LovelyLife Posted April 28, 2013 Posted April 28, 2013 Yep - it's only money . . . But it matters. And the parentals and money issues aside - Can you see the manipulation there? The "you are making the relationship worse" nonsense? He's a manipulative bully. I was in a long term live in situation (6 years) and post that said - never again. Only if I HAD to (marriage). Stick to your guns. You have the gift of seeing how things can end when you have lived with someone. You have that first hand experience. In ths case - you would be moving into the home of someone who is manipulative and sly and has his parents in his corner to freeze you out. I say - if you are good enough to live with - you are good enough to marry. Should you break and move in with him - check with an attorney for a co-habitation agreement and/or rental agreement. This way you have rights as a tenant and his mummy and daddy can't throw you out on a whim. 1
Author MissWhyte Posted April 29, 2013 Author Posted April 29, 2013 Thank you for your responses I should have also been clear about the payments the mortgage would actually only be about 550 and that would include insurance so the bills and mortgage would almost equal out, which is the only reason I would even ask for half.
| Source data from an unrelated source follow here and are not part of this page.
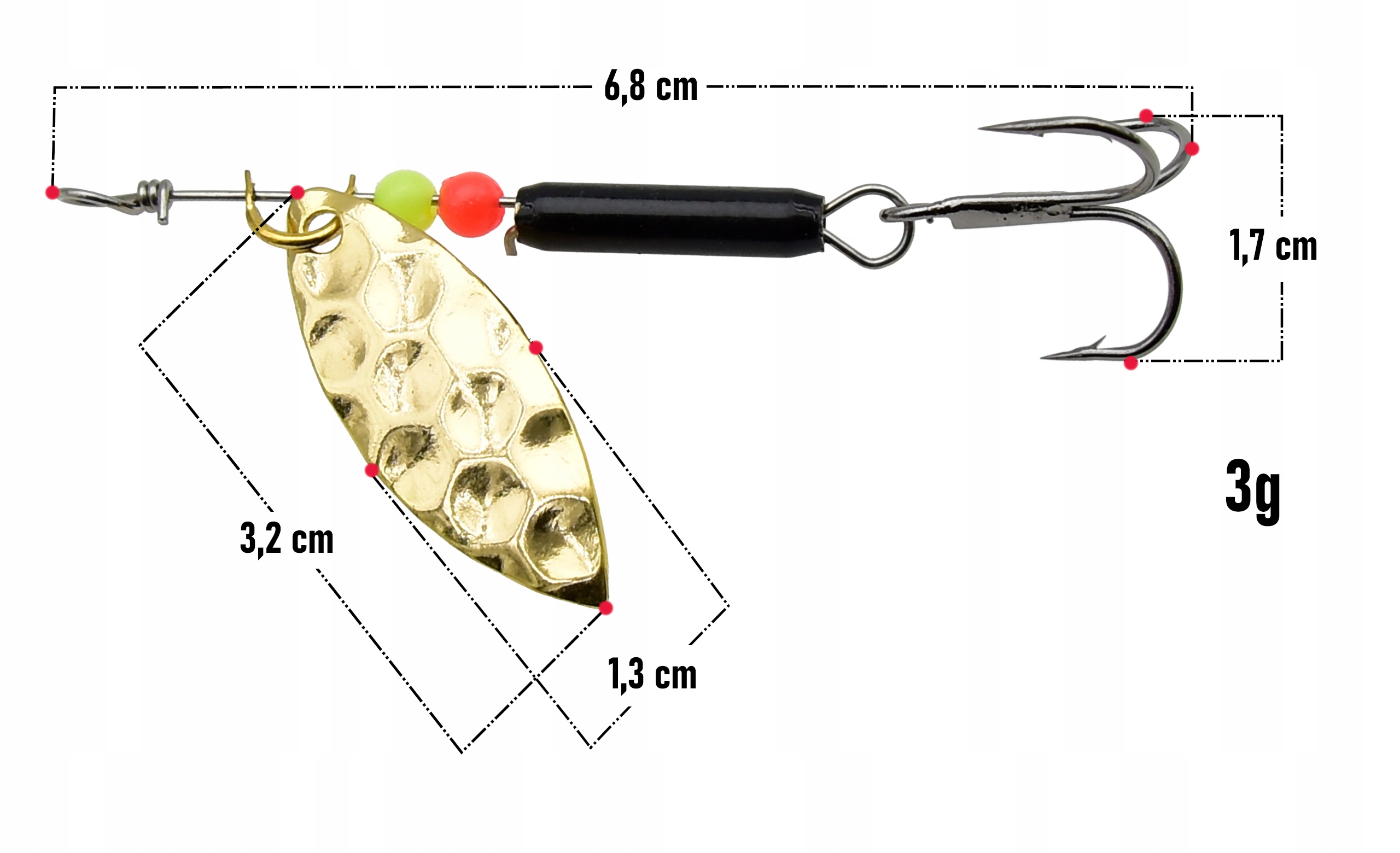 Błystka obrotowa o wadze 3 gramów to niezawodna przynęta, która sprawdzi się w każdych warunkach – zarówno w wodach stojących, jak i w rzekach o umiarkowanym nurcie. Dzięki odpowiedniemu wyważeniu i płynnej pracy skrzydełka skutecznie przyciąga uwagę drapieżników, pobudzając ich instynkt do ataku.
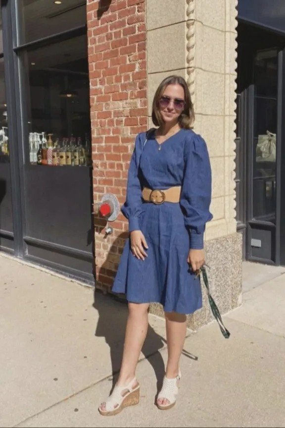 Description: This look is a chic, elegant, and effortlessly corporate hippie ensemble. A beautiful navy V-neck puff-sleeve dress is sophisticated and feminine. The puff sleeves add a touch of romance, and the V-neck is flattering. A tan waist belt cinches the waist, and white wedge sandals complete this polished, summer-ready look.
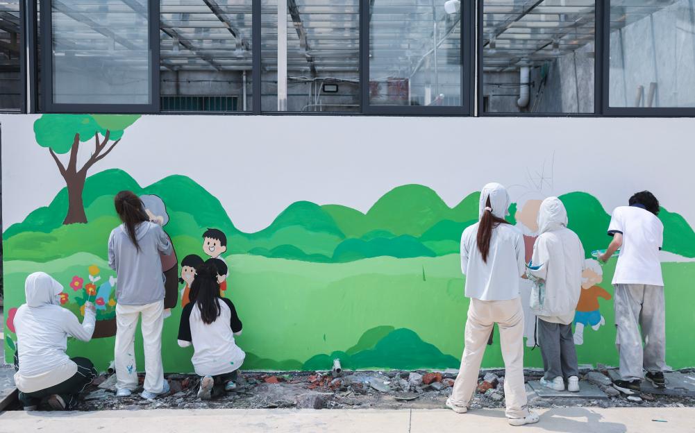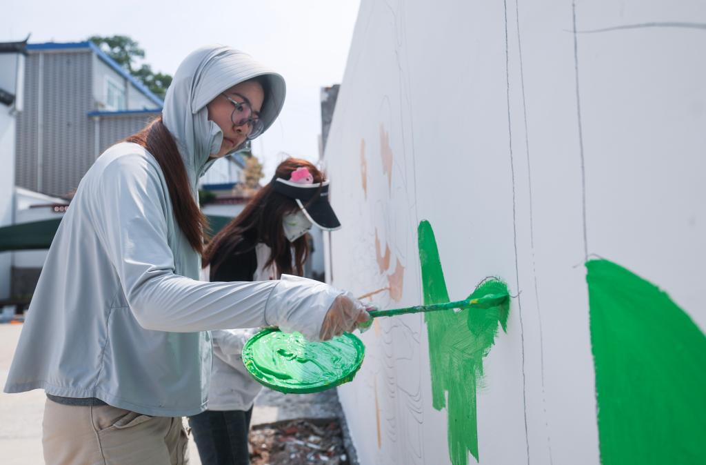 7月15日,在諸暨市安華鎮豐江周村,浙江農林大學暨陽學院設計專業的學生們創作墻繪,美化鄉村人居環境。
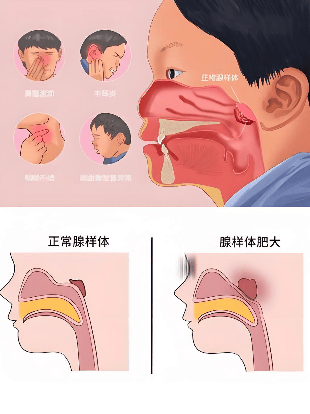 此外,腺样体肥大还可能引发一系列并发症:堵塞咽鼓管导致中耳炎,严重时影响听力;长期用嘴呼吸导致口腔干燥、牙龈炎;呼吸不畅影响心肺功能,甚至增加成年后患上高血压、冠心病的风险。同时,夜间睡眠质量差会让孩子白天精神萎靡、食欲不振,影响生长发育,导致身高、体重落后于同龄人。
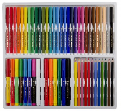 9396 súprava pre malých výtvarníkov 30 vyprateľných fixiek 7 prefarbiteľných značkovačov + 1 zmizík 6 značkovačov so supervyprateľným atramentom 12 pasteliek 4 maľovanky
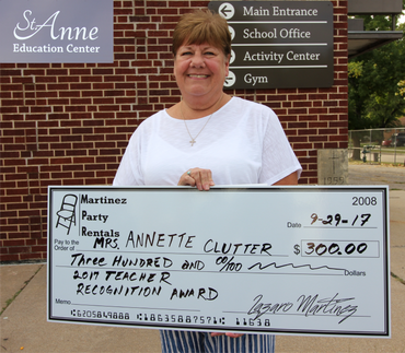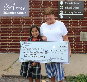 In 2017, we decided to recognize a local teacher who has made a positive impact in a student’s life. We used our Facebook page (Facebook.com/MtzPartyRentals) to place the call for teacher nominations. As a result, we received many letters from students and parents on behalf of their young children nominating teachers who had made a difference in their life. It was not easy to decide on a winner since many great teachers go beyond their regular duties to help a student. The winner of this year’s teacher recognition award was Mrs. Annette Clutter of St. Anne’s Education Center. She has made an impact in her young student Arely and her family. Mrs. Ontiveros is so grateful that when she saw our Facebook post asking for nominations there was no doubt she had Mrs. Clutter in mind. Mrs. Clutter received a copy of the letter submitted and said she would read it at home.
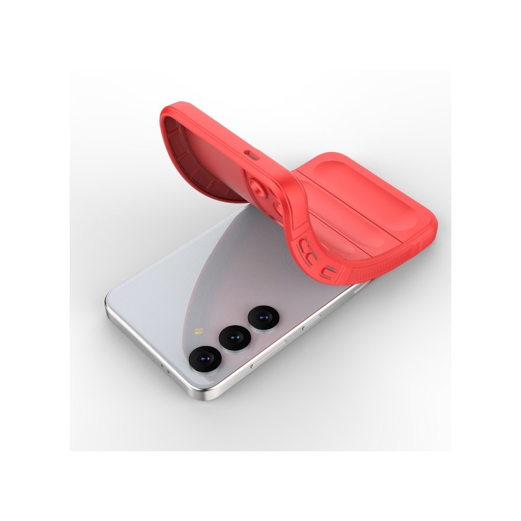 - Zadná strana je opatrená horizontálnymi, jemne vystúpenými rebrami, ktoré dodávajú puzdru moderný vzhľad a zlepšujú úchop.
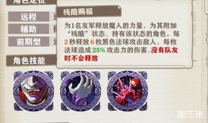 残酷赐福:为1名友军释放魔人的力量,为其附加“残酷”状态。持有该状态的角色,每2秒释放6枚黑色法球攻击敌人,每枚法球造成25%攻击力的伤害。没有队友时不会释放
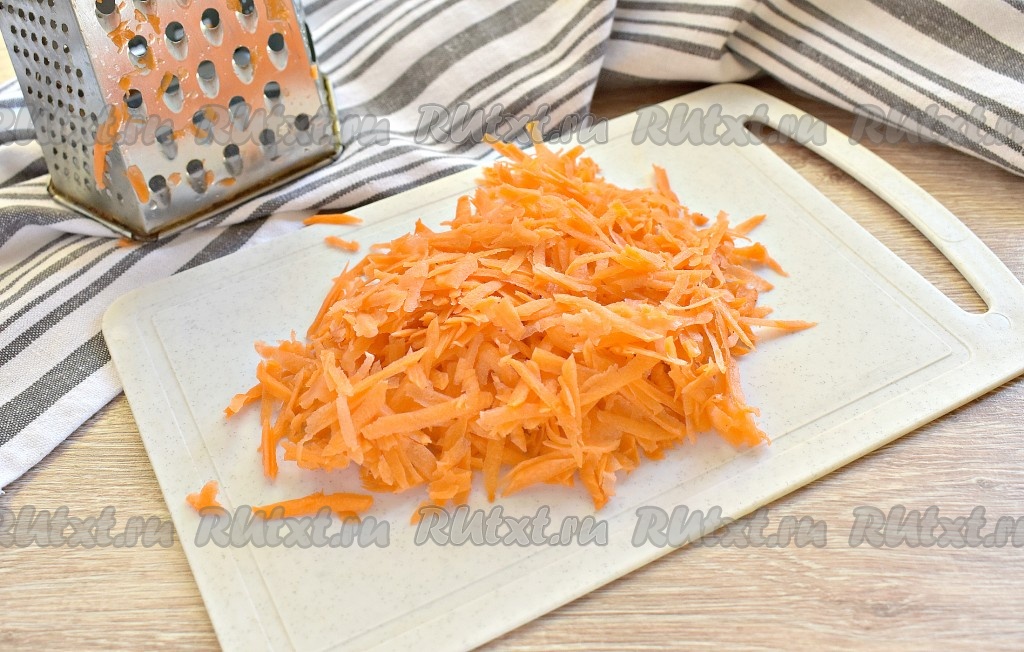 Очищаем морковку, а затем натираем её на крупной тёрке.
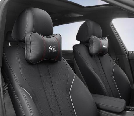★インフィニティ★ロゴ入りき 車用記憶 通気性弾性 ネックパッド レザー ネックパッド 汎用 車載首枕 ヘッドレスト★2個★4色選択可★
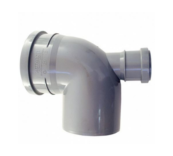 Отвод 110 мм с выходом на 50 мм используется для создания отводов и изгибов, а также подключения дополнительных элементов и сантехнических устройств канализационных коммуникаций. Данный отвод с углом поворота 87,5°. Выход отвода фронтальный. Материал - полипропилен.

This has been the only bad aspect of our entire relationship. But I believe moving in with my parents is really the best choice I didn't think I was being unfair in request half minus the down payment if things didn't work out in the future but I also wanted others opinions to see if I was the one being unfair. I don't think my moving out will change his views so this is the beginning of the end I suppose, it seems very bitter sweet even with the stress of the situation.